Interest rates on variable-rate debt more than quadrupled in September as credit markets seized up, sidelining multifamily developers looking to tap the bond market to finance their deals. There’s no consensus on exactly when rates will fall back to normal levels, but that’s one of the first things that needs to happen for demand to revive for tax-exempt bonds, according to industry participants.
“Right now, no bond deals can get done,” said Paul Sween, a principal with Dominium, a Minneapolis-based affordable housing developer and manager, in late September. With more than $200 million in seven-day variable rate debt, Dominium has been whacked by skyrocketing interest rates for that paper. The rate on the Securities Industry and Financial Markets Association’s Municipal Swap Index (SIFMA), the benchmark used in resetting rates on variable-rate demand bonds, zoomed from 1.79 percent in mid-September to 7.96 percent two weeks later.
However, Sween was optimistic about the prospects for a turnaround. “I’ve got to believe that in a matter of weeks, that money will flood into [the multifamily bond market], recognizing that risk premiums are all out of whack,” he said.

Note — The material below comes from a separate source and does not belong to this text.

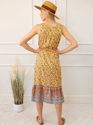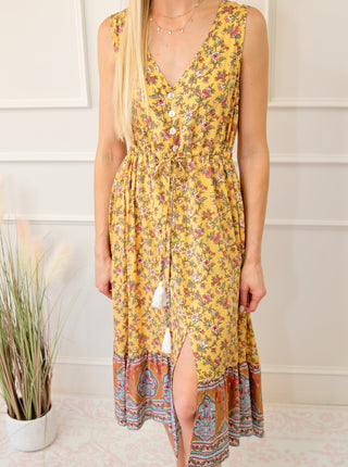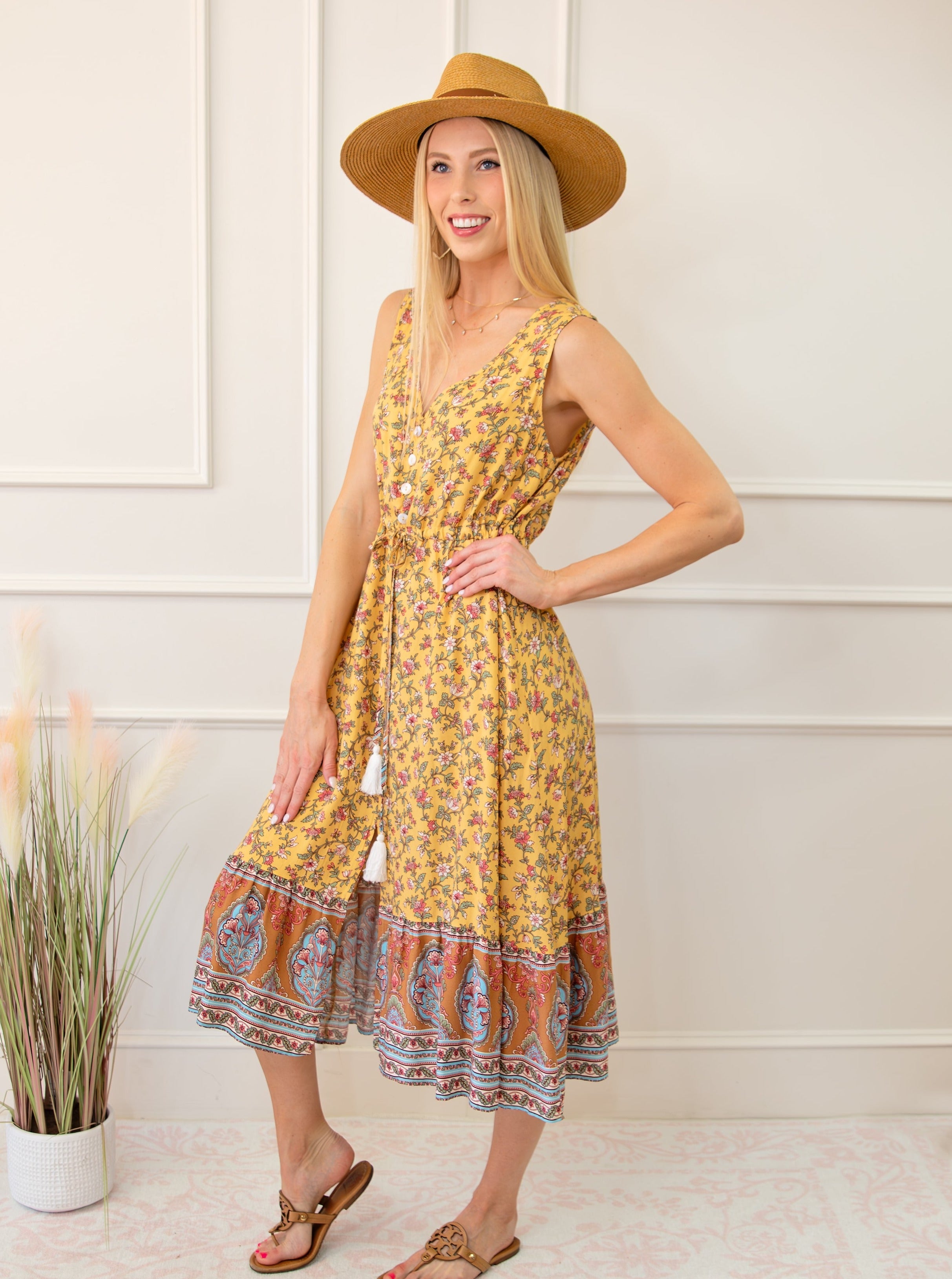 This pretty dress for women has flowers all over, making it charming. It's great for summer with its sleeveless design. The sexy V-neck highlights the neck and collarbones. The fitted tank top has buttons, and the high waist with an adjustable drawstring fits well. The contrasting hem makes the floral dress stand out. Beautiful and breathable, just perfect for a sunny day.

His view seemed on the money this week, as the SIFMA Index reset at 5.74 percent.
The market was virtually deserted in September, said Jean Everett, a partner and public finance specialist at the law firm of Hiscock & Barclay. “The only issuances we’re aware of are those where they couldn’t wait it out, they had no choice,” she said.
Most of her clients were counting on federal lawmakers to adopt a bailout plan before they’d be willing to dip their toes back into the tax-exempt bond waters. The Senate’s passage of a bailout bill this week puts the market one step closer to seeing revived demand.
“I think that things will return to relatively normal conditions even three months out,” said Everett. “It’s just a question of people getting their confidence restored.”